### WHAT NEEDS TO BE DONE
Please retype the records below exactly, leaving out any pictures.

### Entries taken from a collection
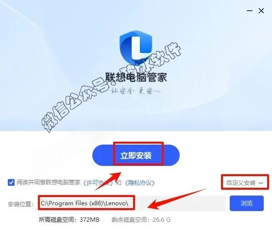 3.点击“自定义安装”设置,选择软件安装路径,建议和教程中的保持一致,本例默认安装(将路径地址中的首字符C改为D表示安装到D盘,安装路径不要出现中文),勾选“阅读....”,点击“立即安装”
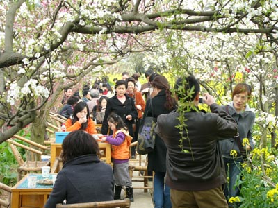 在龙泉天府梨园,成千上万株雪白的梨花、李花,粉红的桃花、火红的海棠花惊艳绽放的盛景;一旁的人工湖,湖水澄清,波光粼粼,湖光花影,相映成趣,让人宛如置身花的海洋,在明媚春光中,花的海洋里品茗、娱乐,在轻松愉悦的氛围里享受娱乐竞技的无穷乐趣。
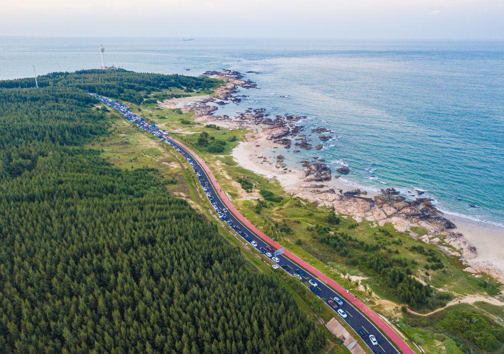 ↑2023年10月4日拍攝的海南環(huán)島旅游公路文昌段景色和自駕游車輛(無人機(jī)照片)。新華社記者 蒲曉旭 攝
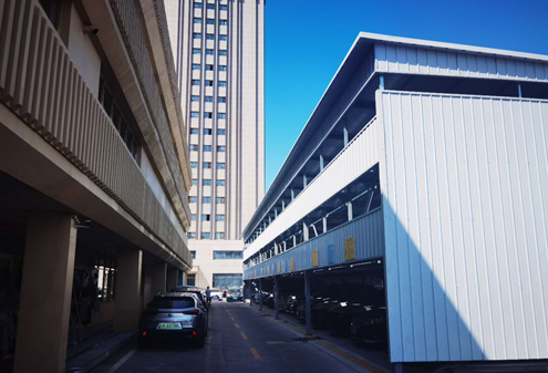 運行原理:汽車出入口設置在地面層,中層停車板既可做升降運動,又可進行橫移運動,上層停車板只可做升降運動,下層停車板只可做橫移運動,通過中層和下層的空位,利用停車板運動變換空位,將汽車下降至第一層,取出汽車。
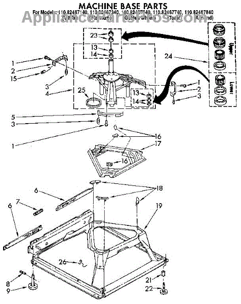 Parts for Kenmore 110.82467340 (11082467340, 110 82467340): Machine Parts
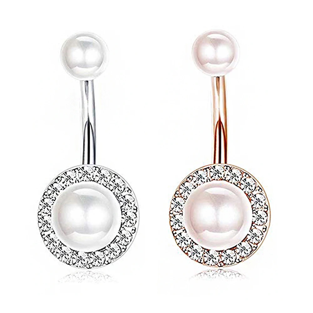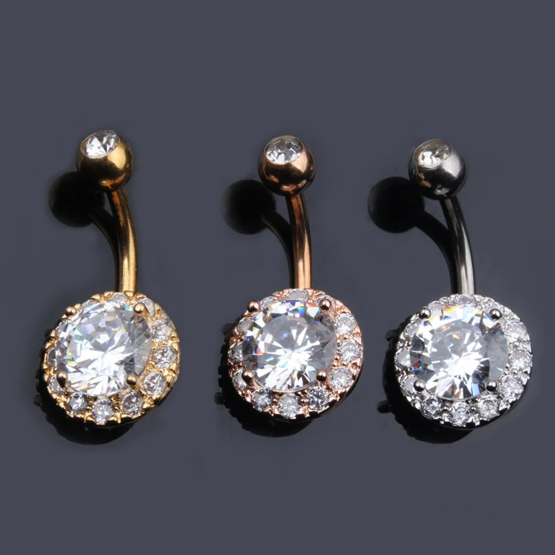 Кольцо для пирсинга живота из хирургической стали с фианитом, 14 г, 1 шт.

### EXERCISE RESULT
 3.点击“自定义安装”设置,选择软件安装路径,建议和教程中的保持一致,本例默认安装(将路径地址中的首字符C改为D表示安装到D盘,安装路径不要出现中文),勾选“阅读....”,点击“立即安装”
 在龙泉天府梨园,成千上万株雪白的梨花、李花,粉红的桃花、火红的海棠花惊艳绽放的盛景;一旁的人工湖,湖水澄清,波光粼粼,湖光花影,相映成趣,让人宛如置身花的海洋,在明媚春光中,花的海洋里品茗、娱乐,在轻松愉悦的氛围里享受娱乐竞技的无穷乐趣。
 ↑2023年10月4日拍攝的海南環(huán)島旅游公路文昌段景色和自駕游車輛(無人機(jī)照片)。新華社記者 蒲曉旭 攝
 運行原理:汽車出入口設置在地面層,中層停車板既可做升降運動,又可進行橫移運動,上層停車板只可做升降運動,下層停車板只可做橫移運動,通過中層和下層的空位,利用停車板運動變換空位,將汽車下降至第一層,取出汽車。
 Parts for Kenmore 110.82467340 (11082467340, 110 82467340): Machine Parts
 Кольцо для пирсинга живота из хирургической стали с фианитом, 14 г, 1 шт.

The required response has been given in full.